**** RECORDS PROVIDED ****

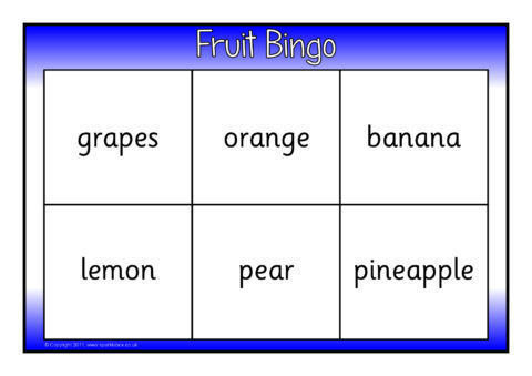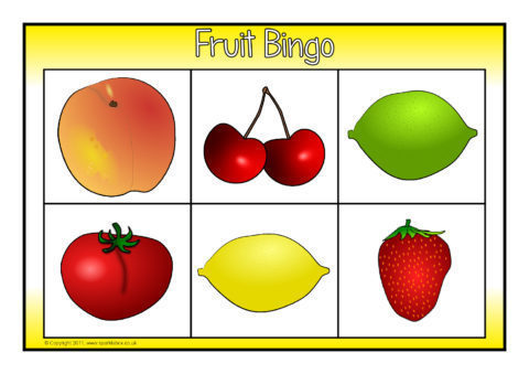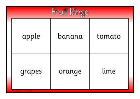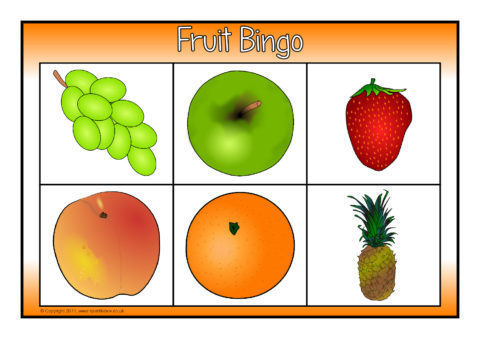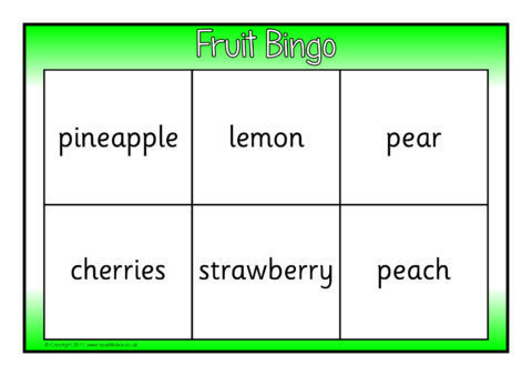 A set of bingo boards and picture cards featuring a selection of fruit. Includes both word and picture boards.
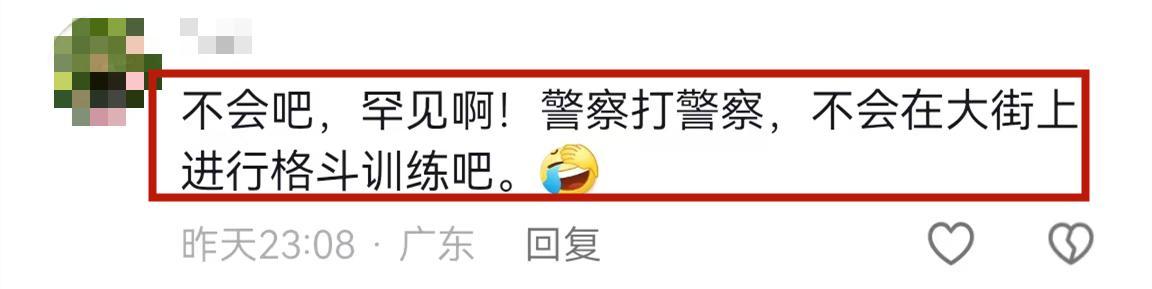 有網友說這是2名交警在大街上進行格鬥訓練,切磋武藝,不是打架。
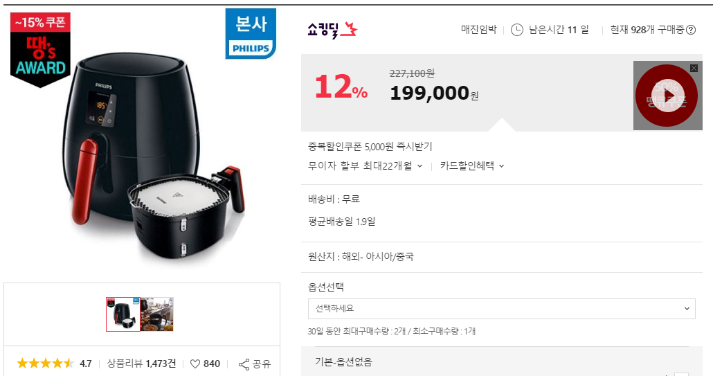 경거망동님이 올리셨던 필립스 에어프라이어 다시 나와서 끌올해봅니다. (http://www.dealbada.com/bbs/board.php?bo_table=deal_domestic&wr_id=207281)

****
**** RECORDS PROVIDED ****

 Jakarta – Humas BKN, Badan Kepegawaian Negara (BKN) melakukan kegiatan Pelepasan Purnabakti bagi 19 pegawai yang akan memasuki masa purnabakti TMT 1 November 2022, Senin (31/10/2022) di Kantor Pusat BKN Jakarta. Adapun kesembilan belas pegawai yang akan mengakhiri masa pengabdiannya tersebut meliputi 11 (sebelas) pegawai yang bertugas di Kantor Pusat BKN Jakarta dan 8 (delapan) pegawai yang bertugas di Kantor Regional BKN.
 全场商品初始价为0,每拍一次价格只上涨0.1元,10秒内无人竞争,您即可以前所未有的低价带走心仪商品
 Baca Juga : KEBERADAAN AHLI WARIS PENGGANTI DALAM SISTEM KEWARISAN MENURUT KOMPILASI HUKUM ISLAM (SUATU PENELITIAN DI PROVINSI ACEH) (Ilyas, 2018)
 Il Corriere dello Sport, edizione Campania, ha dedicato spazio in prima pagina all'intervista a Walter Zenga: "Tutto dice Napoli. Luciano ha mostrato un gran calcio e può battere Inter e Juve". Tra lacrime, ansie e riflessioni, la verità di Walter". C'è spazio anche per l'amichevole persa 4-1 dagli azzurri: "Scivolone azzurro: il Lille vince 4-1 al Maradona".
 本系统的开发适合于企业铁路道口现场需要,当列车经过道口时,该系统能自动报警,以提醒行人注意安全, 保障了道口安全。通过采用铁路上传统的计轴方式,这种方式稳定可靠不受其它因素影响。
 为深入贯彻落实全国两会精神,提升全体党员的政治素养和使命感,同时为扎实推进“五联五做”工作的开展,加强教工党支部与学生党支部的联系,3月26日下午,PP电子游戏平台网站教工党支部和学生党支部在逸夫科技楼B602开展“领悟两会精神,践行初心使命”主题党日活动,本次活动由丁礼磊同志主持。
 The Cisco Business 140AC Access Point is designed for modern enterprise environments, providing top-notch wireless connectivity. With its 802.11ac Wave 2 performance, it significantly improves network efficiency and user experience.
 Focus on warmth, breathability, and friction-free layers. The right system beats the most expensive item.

****

- REQUIRED WORK
Which lines above run from the one containing "本系统的开发适合于企业铁路道" to the one containing "为深入贯彻落实全国两会精神,提升全体党员"? Give them again exactly, both ends included.

- TASK RESULT
 本系统的开发适合于企业铁路道口现场需要,当列车经过道口时,该系统能自动报警,以提醒行人注意安全, 保障了道口安全。通过采用铁路上传统的计轴方式,这种方式稳定可靠不受其它因素影响。
 为深入贯彻落实全国两会精神,提升全体党员的政治素养和使命感,同时为扎实推进“五联五做”工作的开展,加强教工党支部与学生党支部的联系,3月26日下午,PP电子游戏平台网站教工党支部和学生党支部在逸夫科技楼B602开展“领悟两会精神,践行初心使命”主题党日活动,本次活动由丁礼磊同志主持。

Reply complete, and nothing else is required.